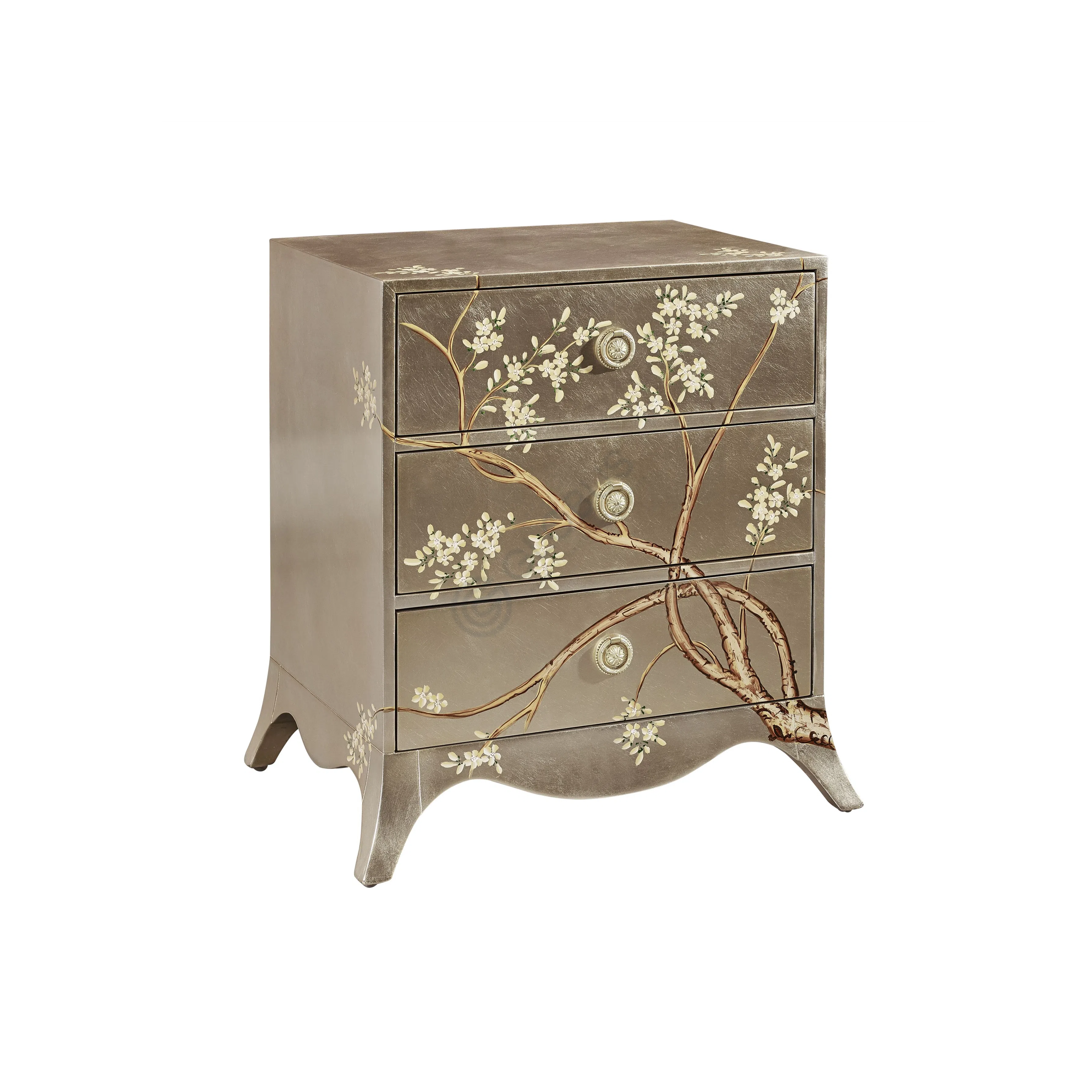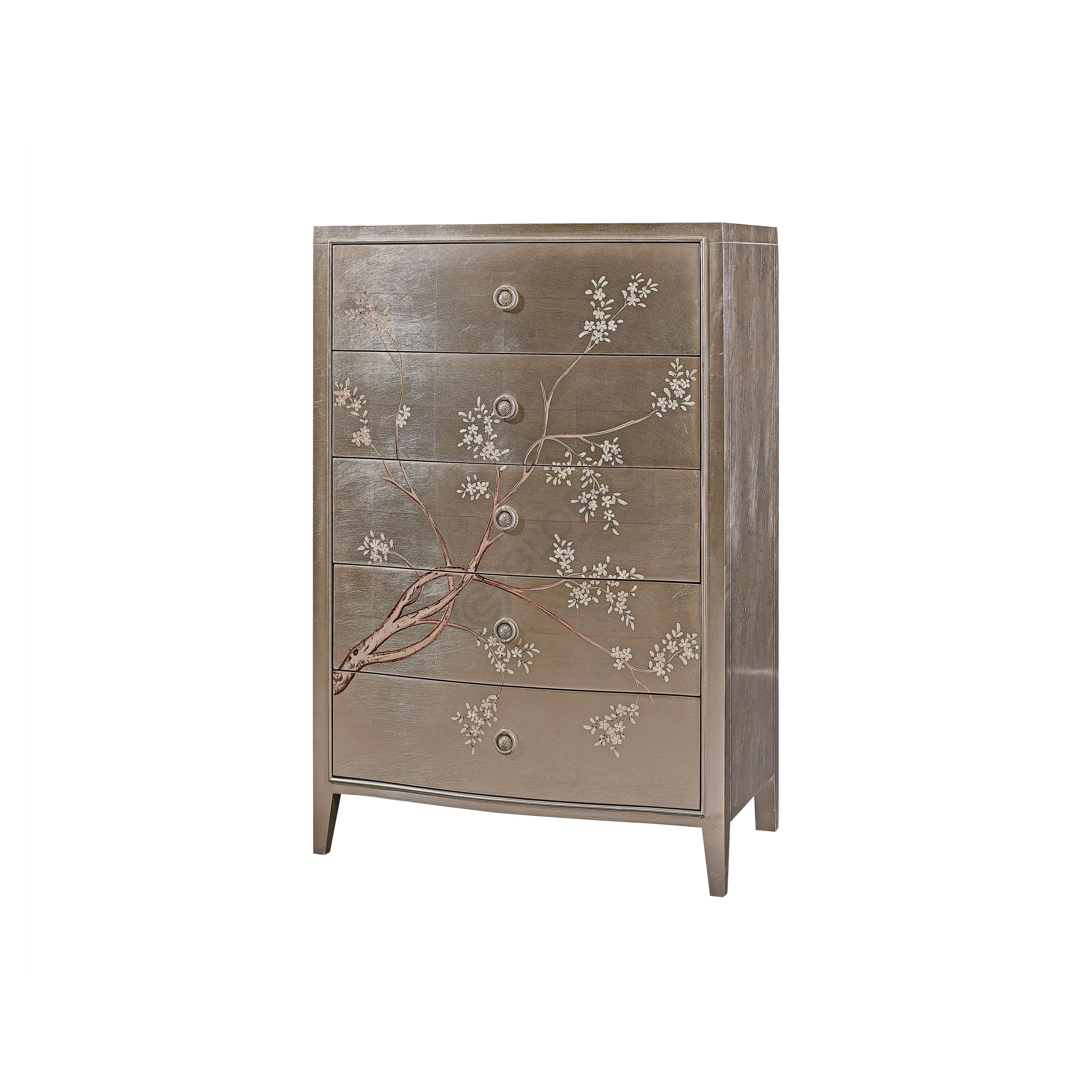Фасад украшен искусной росписью, изображающей цветочные композиции в вазах и корзинах, окруженные витиеватыми растительными узорами. Боковые части дополнены элементами, напоминающими стебли бамбука, что привносит легкий акцент. Каждая деталь декора выполнена с вниманием и мастерством, превращая буфет в настоящее произведение прикладного искусства. Фурнитура гармонично сочетается с общим стилем, завершая образ.
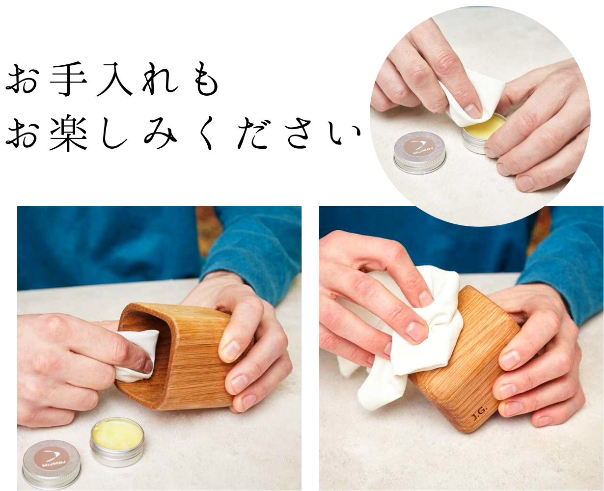 付属の蜜蝋クリームでお手入れすることで、磨くほどに艶が出、より上質な外観に。
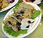 右端は何かのフライの上に「サソリ」の唐揚げが乗ってました、味は「イナゴ」のようでした。
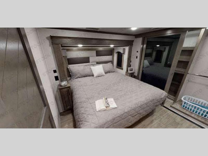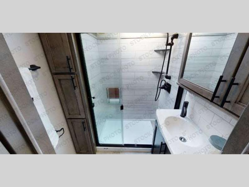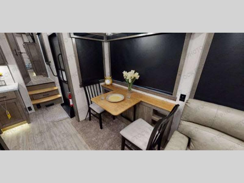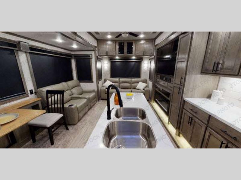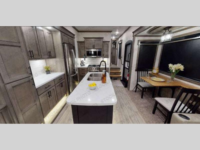 The Forest River RiverStone Reserve Series fifth wheel is an absolute dream! The construction is top notch with its wool-glass, residential-style insulation, 17.5" H-rated tires with aluminum rims, hydraulic slide outs, Dexter EZ Flex suspension system, painted full front fiberglass cap, and MORryde Step Above entry step. The RiverStone Reserve Series takes quality a step further by implementing a fully residential interior, the latest styles for interior design, and an excellent assortment of modern amenities. The central vacuum system is essential for keeping your unit clean while you are traveling, and the residential soft-close cabinet hinges are an added bonus that make your unit feel upscale. The 5,200 BTU fireplace is both functional and decorative, and the 190W solar panel, JBL Premium sound system, 1,000W inverter, and Firefly integrated touch control system are some of the great electronic features.
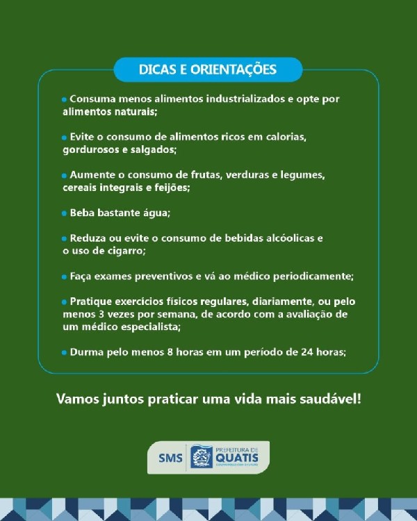 Dessa forma, a Prefeitura de Quatis separou algumas dicas e orientações de como ter uma alimentação saudável e uma dieta equilibrada para você adotar na sua rotina e melhorar a sua saúde:
○ ○ ○
▸ **PROMPT**: Exact repetition is required for the lines from the first one in the listing through the one that holds "右端は何かのフライの上に「サ", and pictures are to be omitted.

▸ **SOLUTION TO THIS TASK**:
Фасад украшен искусной росписью, изображающей цветочные композиции в вазах и корзинах, окруженные витиеватыми растительными узорами. Боковые части дополнены элементами, напоминающими стебли бамбука, что привносит легкий акцент. Каждая деталь декора выполнена с вниманием и мастерством, превращая буфет в настоящее произведение прикладного искусства. Фурнитура гармонично сочетается с общим стилем, завершая образ.
 付属の蜜蝋クリームでお手入れすることで、磨くほどに艶が出、より上質な外観に。
 右端は何かのフライの上に「サソリ」の唐揚げが乗ってました、味は「イナゴ」のようでした。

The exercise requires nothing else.